For another example, it may necessary or desirable to remove existing drilling fluid filter cake or other material (not shown) formed on the wall 36 of the fracture section 26 before providing the coating 30. Such material may interfere with the formation or effectiveness of the coating 30, inhibit the ability of the dispersion 40 to adhere to the wall 36 or cause one or more other problems. As an example, the tubing 44 may be positioned proximate to the toe 24 of the well bore 14. While pulling the tubing 44 up through the fracture section 26, a fluid capable of washing off or removing the filter cake (or other material) from the wall 36 is pumped through the tubing 44 into the well bore 14. The pre-wash fluid may have any suitable composition (water, additives, solvents, other components) depending upon the well 10, type of drilling mud utilized or other factors. After such pre-washing, the dispersion 40 may be dispensed into the well bore 14 through the tubing 44 at or near the top of the fracture section 26, such as at the bottom of the casing 18, and thereafter as the tubing 44 is run back into the well bore 14 toward the toe 24.

There may be other instances where it is desirable or necessary to circulate the dispersion 40 in the well bore 14 at the near end of the fracture section 26 or proximate to the casing 18, and thereafter as the tubing 44 is run into the well to the toe 24. For example, this technique may be useful when it is difficult to pre-position the tubing 44 at the toe 24 of the well, such as when the tubing 44 becomes differentially stuck in the well bore 14 at some intermediate location. In some embodiment, the dispersion 40 or other coating 30 may instead be pumped or otherwise delivered to the fracture section 26 of the well 10 from the surface 20 through the annulus 42 and the well bore fluids returned up through the tubing 44.

Referring now to FIG. 3, in the present embodiment, the coating 30 is selectively removed from the fracture section 26 at a desired location of initiation 54 of a first fracture sufficient to allow a first fracture to be formed in the subterranean formation 12. Any suitable technique and/or coating remover may be used to remove the coating 30 at the first fracture initiation location 54. For example, the coating remover may be a mechanical device (not shown) for selectively removing the coating 30. In other examples, a fluid-delivered coating remover may be provided into the well bore 14 through the tubing 44 or the annulus 42 to the first fracture initiation location 54.

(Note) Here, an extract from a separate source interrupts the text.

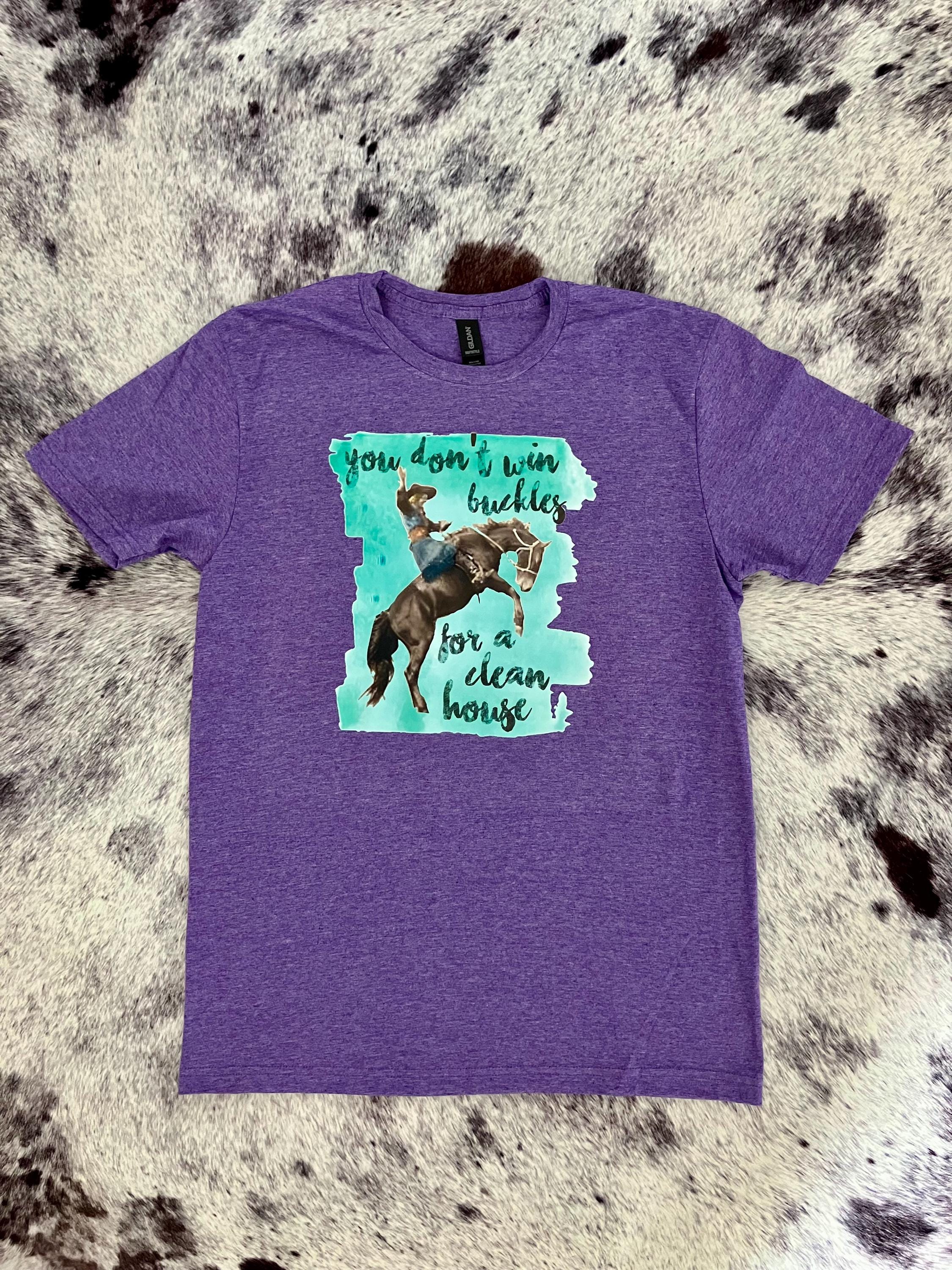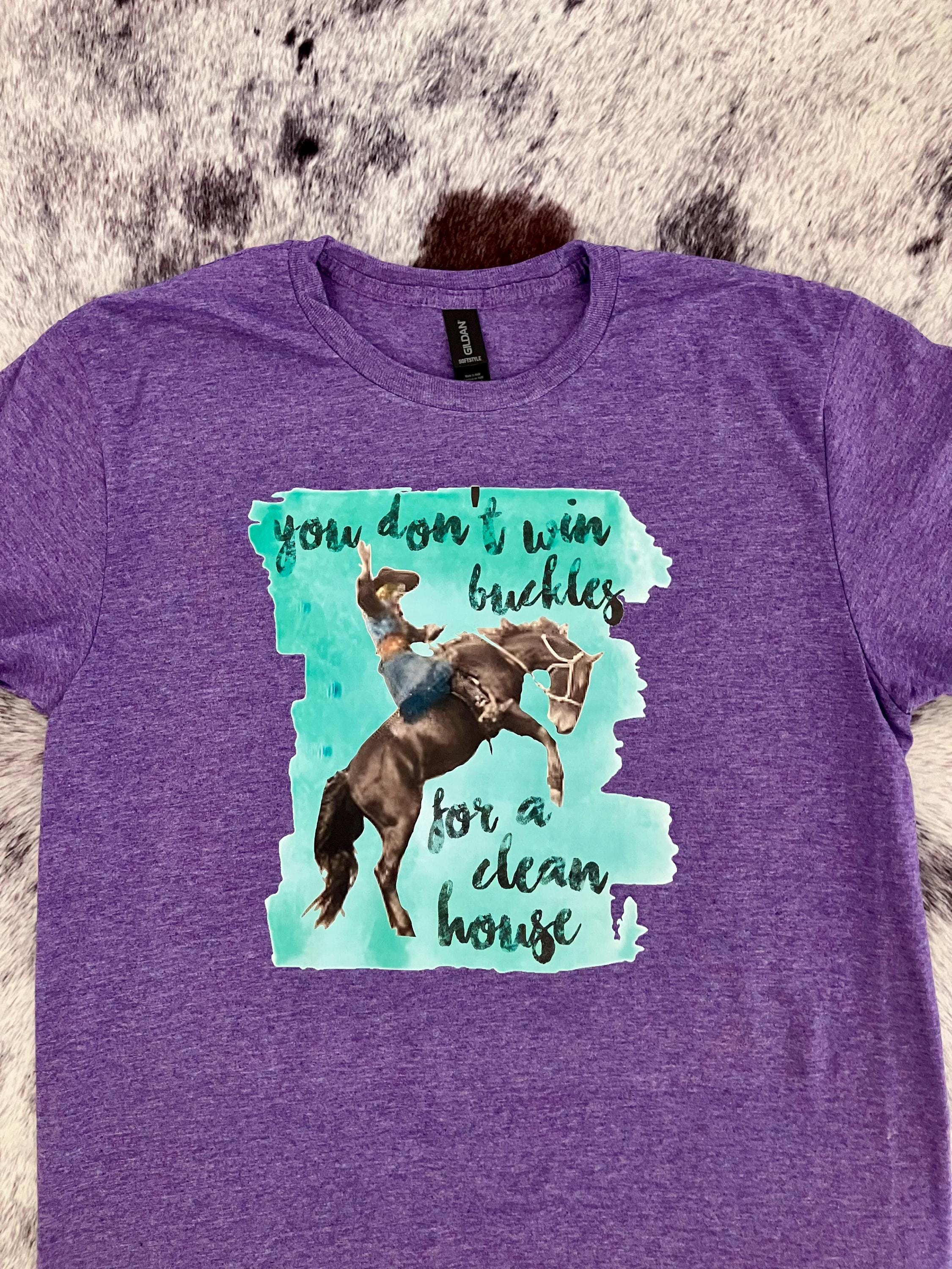 This “You Don’t Win Buckles for a Clean House” tee is made for the cowgirls who’d rather be at the arena than worrying about the dishes. Featuring a bold bronc rider graphic with a turquoise paint-style background on a vibrant purple tee, this one is guaranteed to get laughs and compliments.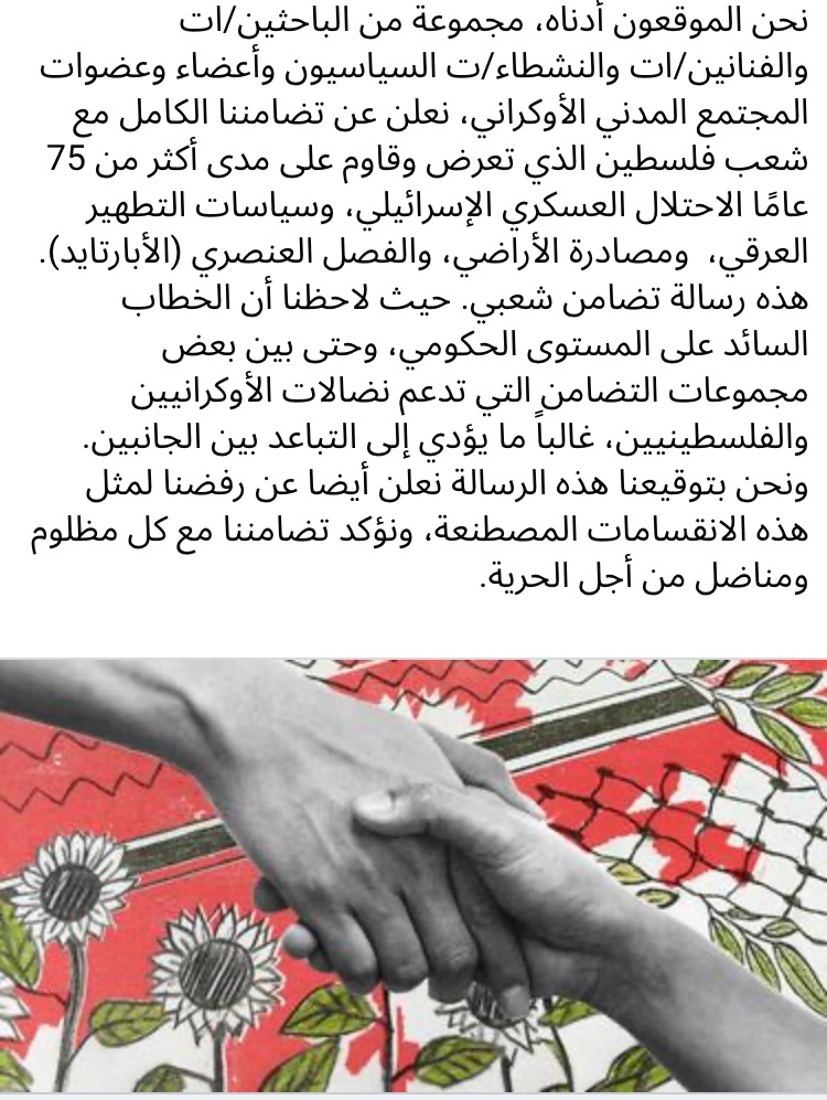 Nous, chercheurs, artistes, militants politiques et syndicaux ukrainiens, membres de la société civile, sommes solidaires du peuple de Palestine qui, depuis 75 ans, subit et résiste à l’occupation militaire israélienne, à la séparation, à la violence coloniale, au nettoyage ethnique, à la dépossession des terres et à l’apartheid. Nous écrivons cette lettre de peuple à peuple. Le discours dominant au niveau gouvernemental et même parmi les groupes de solidarité qui soutiennent les luttes des Ukrainiens et des Palestiniens crée souvent des séparations. Par cette lettre, nous rejetons ces divisions et affirmons notre solidarité avec tous ceux qui sont opprimés et qui luttent pour la liberté.

In the illustrated embodiment, the desired location of initiation 54 of the first fracture is proximate to the toe 24 of the well bore 14. After the necessary volume of water 32 or other neutral fluid is pumped into the illustrated well bore 14 to displace the remaining dispersion 40 out of the fracture section 26, a cement-dissolving acid 58 (or other suitable substance) is provided through the coiled tubing 46 to the first fracture initiation location 54. For example, the water 32 or other neutral fluid may be followed by a lead slug of acid 58 and the pad of the planned fracture treatment.

The acid 58 (or other suitable substance) is provided to dissolve the exemplary coating 30 from the well bore wall 36 at that location, but without at least substantially dissolving the coating 30 at any other location in the well bore 14 or the fracture section 26 thereof. In the present embodiment, a minimal quantity of acid 58 capable of dissolving the coating 30 at (only) the first fracture initiation location 54 in a reasonable time period may be provided. The quantity of acid 58 (or other substance) and the time allowed to remove the coating 30 may depend upon one or more variable, such as the composition of the coating 30 and type of acid 58, thickness of the coating 30 and/or one or more well properties. In some applications, the time allowed for acidizing the first fracture initiation location 54 may be approximately ten minutes, while in other applications, it may be more or less than ten minutes.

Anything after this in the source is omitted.